Permalink
b170677 Mar 30, 2018
2 contributors

Users who have contributed to this file

@jeffdaily @edoapra
518 lines (484 sloc) 22.3 KB

Change Log

The format is based on Keep a Changelog.

All notable changes to this project will be documented in this file. This project adheres to Semantic Versioning.

This project follows the Gitflow Workflow model.

Unreleased

The Unreleased section will be empty for tagged releases. Unreleased functionality appears in the develop branch.

5.7 - 2018-03-30

  • Known Bugs
    • Some combinations of MPI implementations with the MPI RMA and PR ports fail. Recommended to use latest MPI implementations available.
  • Added
    • Tiled data layout
    • Read-only property type using replication across SMP nodes
  • Changed
    • GA is now thread safe

    • MPI3 implementation based on MPI RMA now uses data types in MPI calls by default. This is higher performing but not as reliable as using multiple contiguous data transfers. The build can be configured to use contiguous transfers if data types are not working for your MPI implementation.

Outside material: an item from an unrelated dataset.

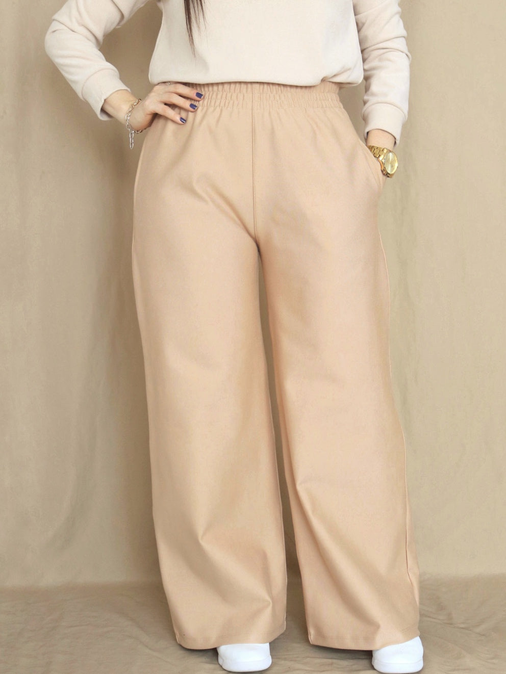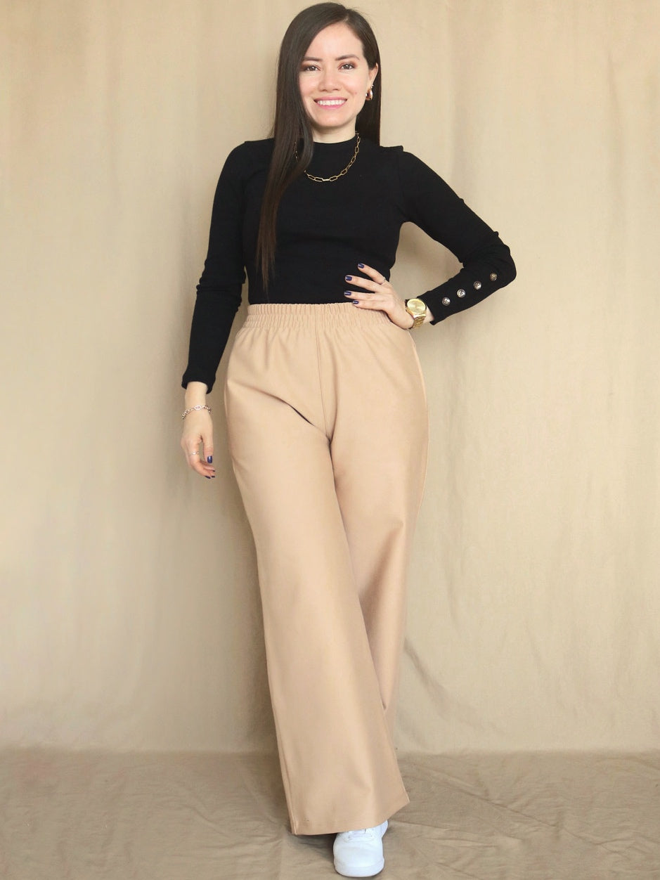Pantalón a la cintura, de estilo palazo con amplitud en cadera y pierna ancha, bolsillos laterales y además tapas decorativas en la parte posterior. Con entalle en la cintura gracias a la pretina elasticada en toda la cintura.

    • ComEx MPI-PR now uses MPI data types in strided put and get calls by default. To enable the old packed behavior, set the following environment variables to 0.

      • COMEX_ENABLE_PUT_DATATYPE
      • COMEX_ENABLE_GET_DATATYPE

      Additionally, the original packing implementation is faster for smaller messages. Two new environment variables control at which point the MPI data types are used.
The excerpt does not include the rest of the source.